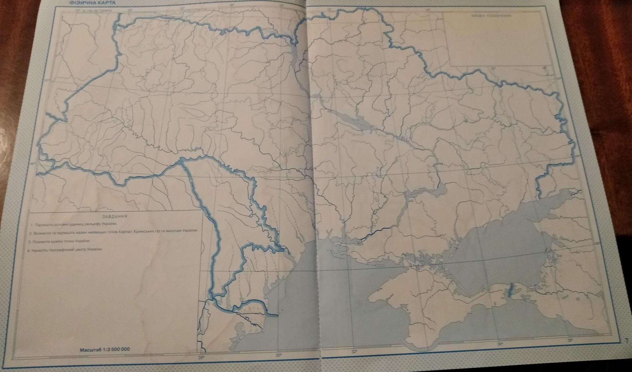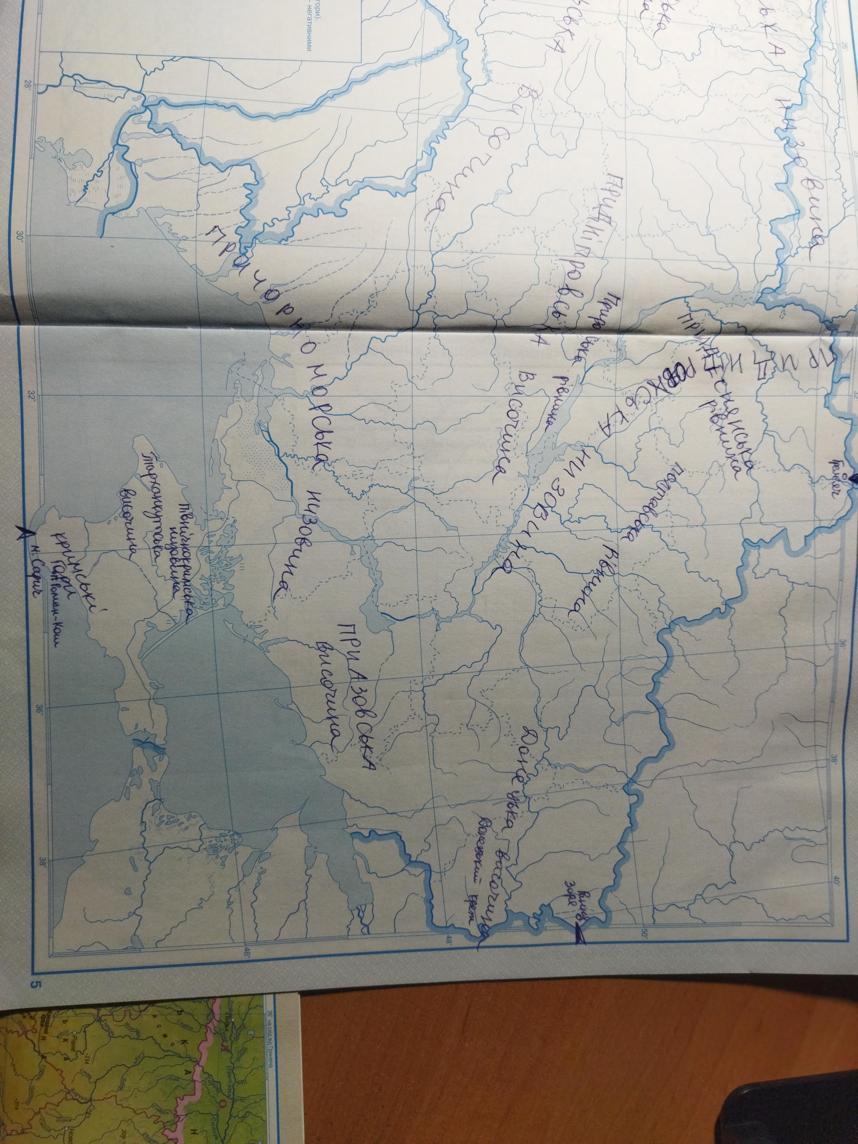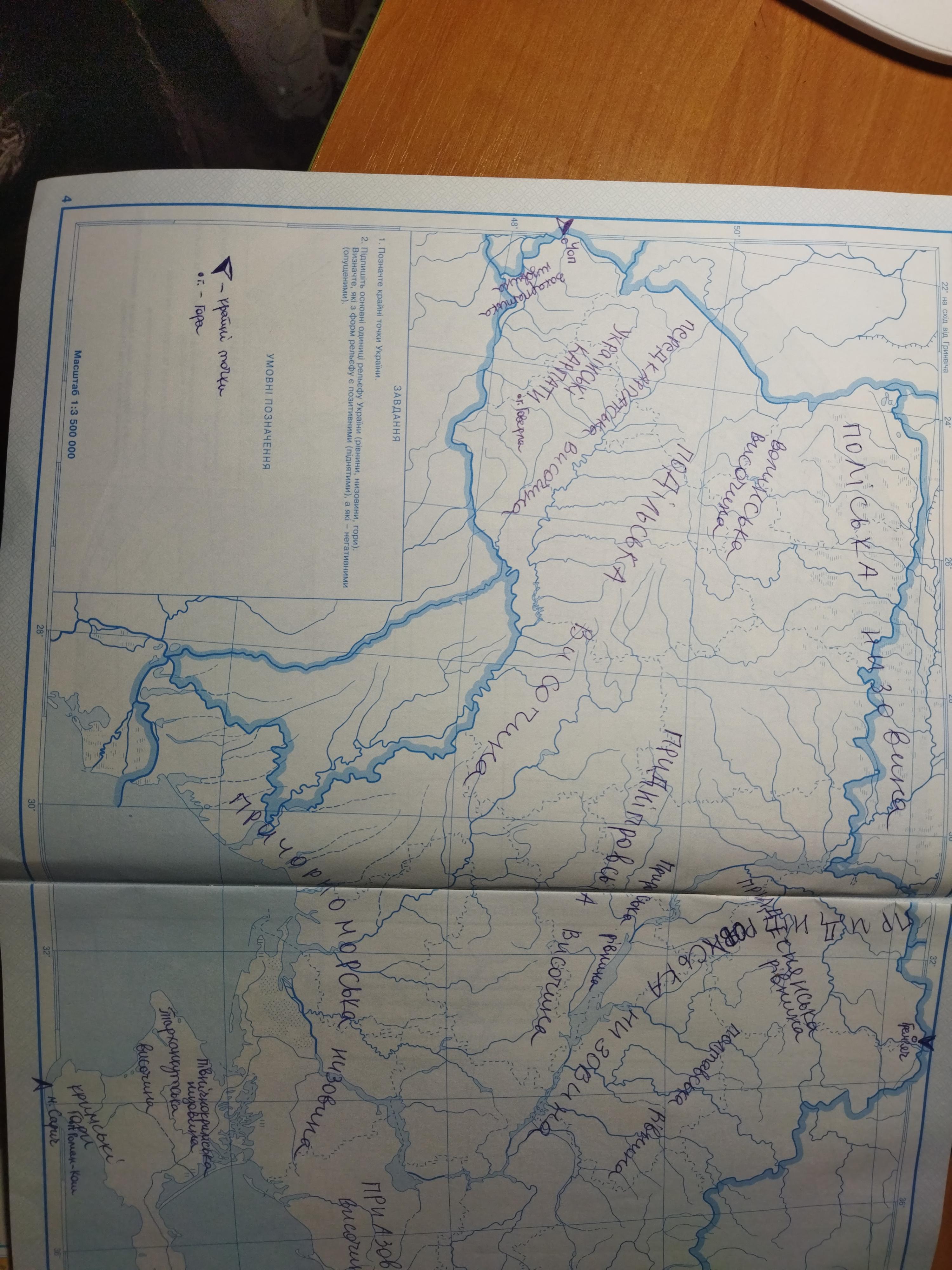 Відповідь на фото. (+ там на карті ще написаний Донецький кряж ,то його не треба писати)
---
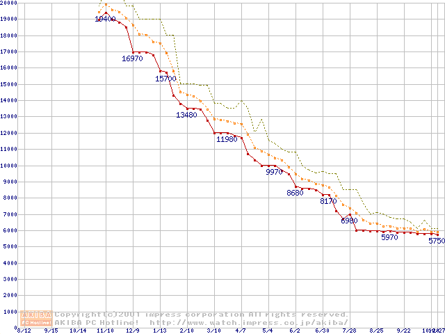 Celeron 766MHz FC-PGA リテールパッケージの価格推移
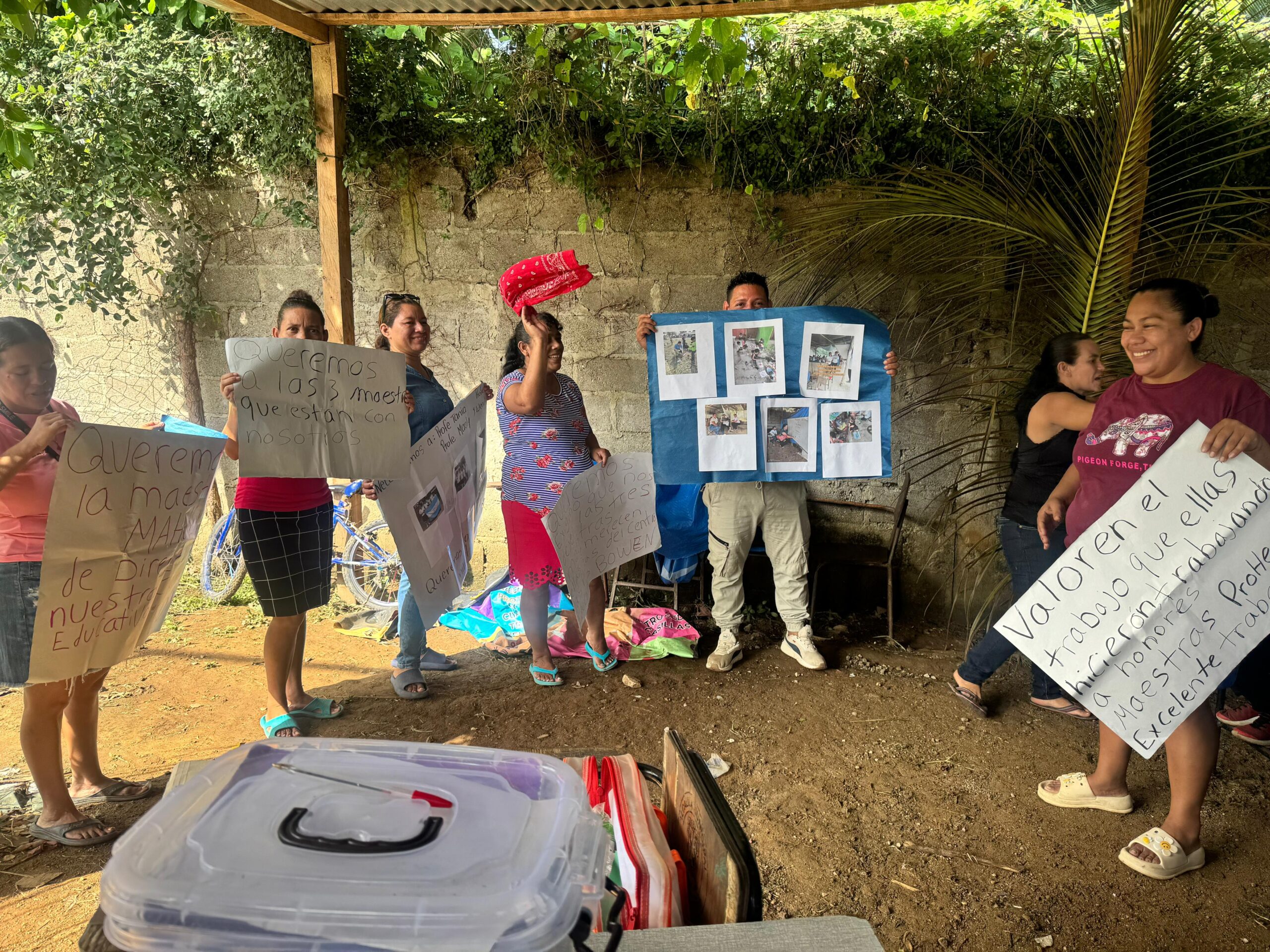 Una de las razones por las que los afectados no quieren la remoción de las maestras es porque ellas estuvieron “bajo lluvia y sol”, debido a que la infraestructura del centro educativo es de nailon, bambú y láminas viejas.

▶ **WHAT THE TASK ASKS**: Look back over the records above. Reproduce exactly everything from the line with "Celeron 766MHz FC-PGA リテールパッケージの価格推移" down to the line with "Una de las razones", inclusive, and leave the pictures out.

▶ **RESPONSE FOR THIS EXERCISE**:
 Celeron 766MHz FC-PGA リテールパッケージの価格推移
 Una de las razones por las que los afectados no quieren la remoción de las maestras es porque ellas estuvieron “bajo lluvia y sol”, debido a que la infraestructura del centro educativo es de nailon, bambú y láminas viejas.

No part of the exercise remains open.